In fact, "all ingenious is simple." Instead of using complex and slow RAID systems, the data should be divided into blocks (the so-called extent groups in our case) and simply “smeared” across the cluster with the required number of copies, and in peer to peer mode (in the Russian-speaking space, the example of torrents is immediately clear to everyone) .
By the way, this implies a new term for many (but not for the market) -
RAIN (Redundant / Reliable
A Rray of Inexpensive / Interdependent
N odes) is a redundant / reliable array of low-cost / independent nodes.
A prominent representative of this architecture is Nutanix.

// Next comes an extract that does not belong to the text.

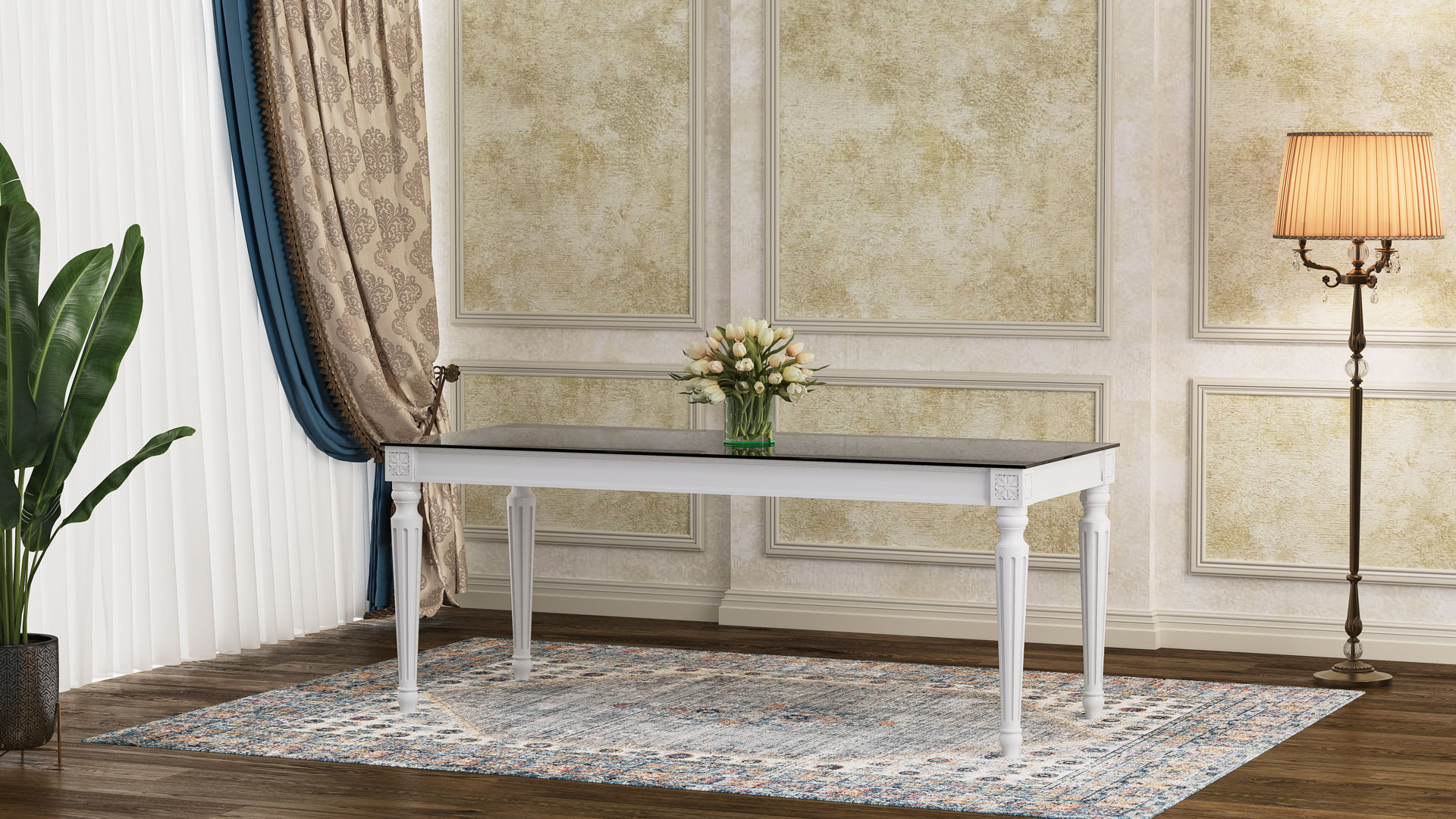 طاولة ولائم دیور مع زجاج مقوى

Sounds hard? We reduce: we take out all the logic of work from iron to a purely software implementation on standard X86-64 hardware.
Exactly the same as does Google / Facebook / Amazon and others.
What are the benefits?
- Fast (very fast) development cycle and updates
- Uncoupling dependencies on proprietary equipment
- Use of standard (“consumer goods”) equipment for solving problems of any scale.
Distributed and fully self-contained systems

The idea is simple and lies on the surface - we move away from the concept of dedicated control systems (controllers, central metadata nodes, the human brain, etc.) to the concept of uniform distribution of identical roles between many elements (each node is a controller to itself, there are no selected elements, swarm of bees).
To paraphrase - a purely distributed system.

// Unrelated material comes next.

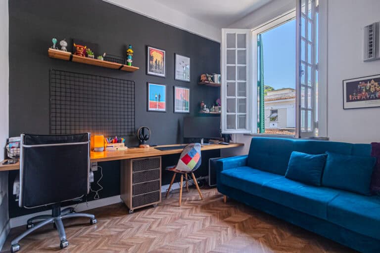 Como todos os apartamentos da Pirees de Almeida, este também conta com um escritório com banheiro no último andar do prédio. Este sim é o home office perfeito!

Traditional manufacturers always assume that the equipment must be reliable, which is generally possible (but at what price?).
Meanwhile, as for distributed systems, the approach is fundamentally different - they always assume that any equipment will eventually fail and the handling of this situation should be fully automatic, without affecting the viability of the system.
We are talking about "self-healing" systems, and the cure must occur as quickly as possible.

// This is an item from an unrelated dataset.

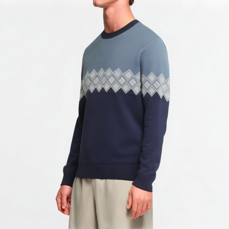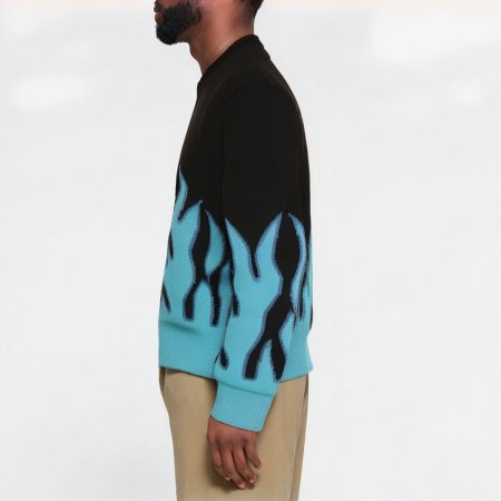 Flame Jacquard Knitted Round Neck Men’s Sweater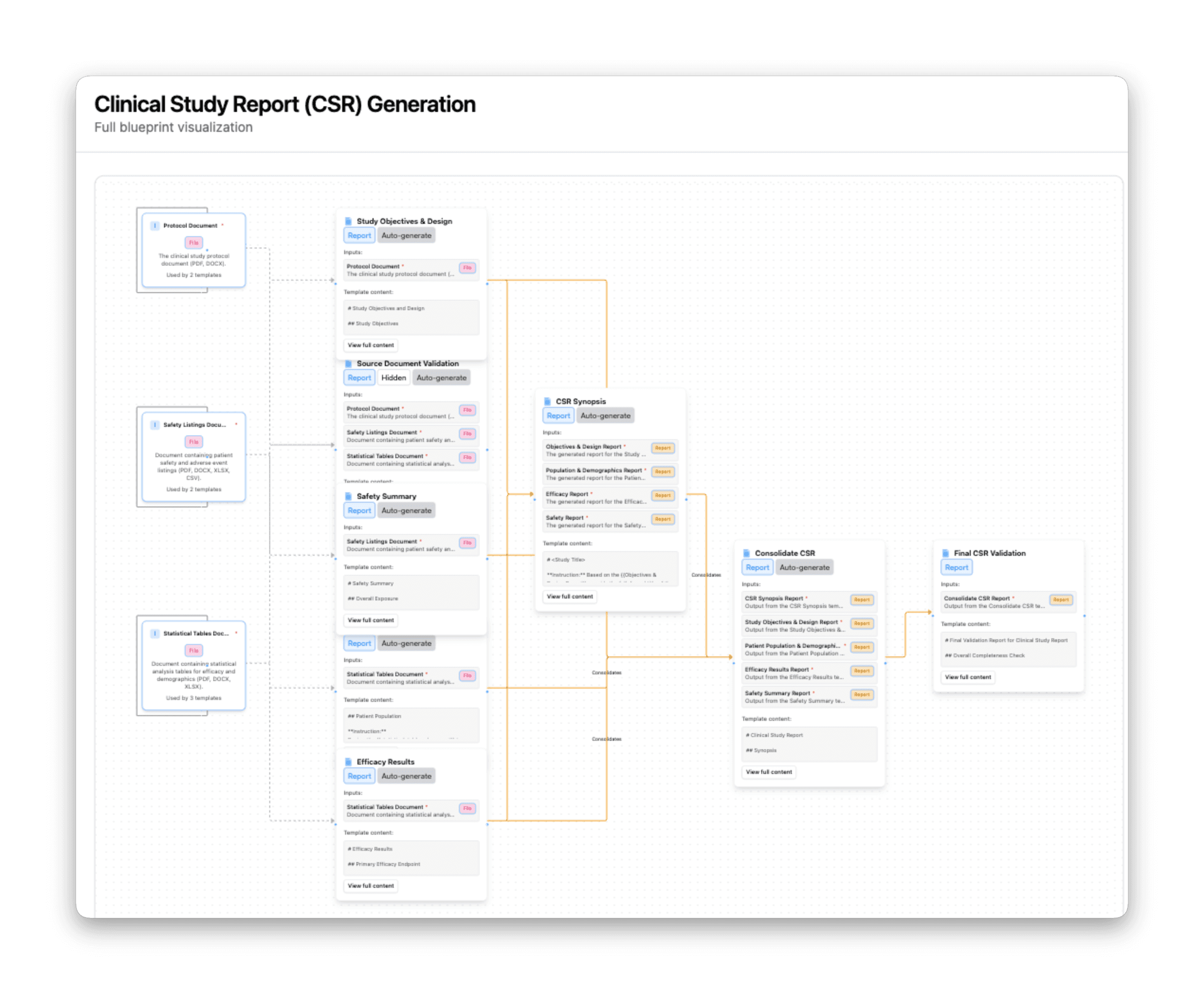 The generated Blueprint: a complete workflow showing how source documents flow through individual report sections, consolidation, and final validation.

If the control logic requires coordination (the so-called "master" nodes), then the selection of these should be fully automatic and any member of the cluster can become such a master.
What does all this mean in reality?
- Distribution of roles and responsibilities within the system (cluster)
- Using BigData principles (such as MapReduce) for task distribution
- The process of "public elections" to refer to the current master
Linear expansion with very precise granularity
Sequential and linear (horizontal) expansion means the ability to start from a certain amount of resources (in our case - 3 nodes / node / server) and scale linearly to obtain a linear performance increase. All the points we discussed above are critical for obtaining this opportunity.
As an example, you usually have a three-tier architecture (server, storage system, network), each element of which scales independently. If you have increased the number of servers, then the storage system and network remain old.
With a hyper-convergent platform like Nutanix, when adding each node, you will get an increase:
- The number of hypervisors / computing nodes
- The number of storage controllers (3 nodes = 3 controllers, 300 nodes = 300 controllers, etc.)
- Processor capacity and storage capacity
- Number of nodes participating in solving cluster problems
Complicated? Simplify:
- The ability to scale the server and storage for one micro-node with a corresponding linear increase in performance, starting with 3 and to infinity.
Benefits:
- Ability to start with a minimum size
- Eliminating any bottlenecks and points of failure (yes, SLA is 100% real)
- Permanent and guaranteed performance when expanding.
...

In the following articles, we will give more technical details and tell you, for a start, how our NDFS, the distributed generation file system based on ext4 + NoSQL, works.
From additional announcements - our
KVM management system, which operates according to the same principles, is unlimitedly scalable and has no points of failure.
We will speak at
Highload 2014 , show our solutions "live". Come.
Have a nice day!
ps yes, we will definitely tell you what we chose from CAP and how we solved the problem of Convergence-Accessibility-Partization
pps (if someone has read this far) for attentive ones - a contest, guess what our solution for managing KVM is called and get a prize (in Moscow).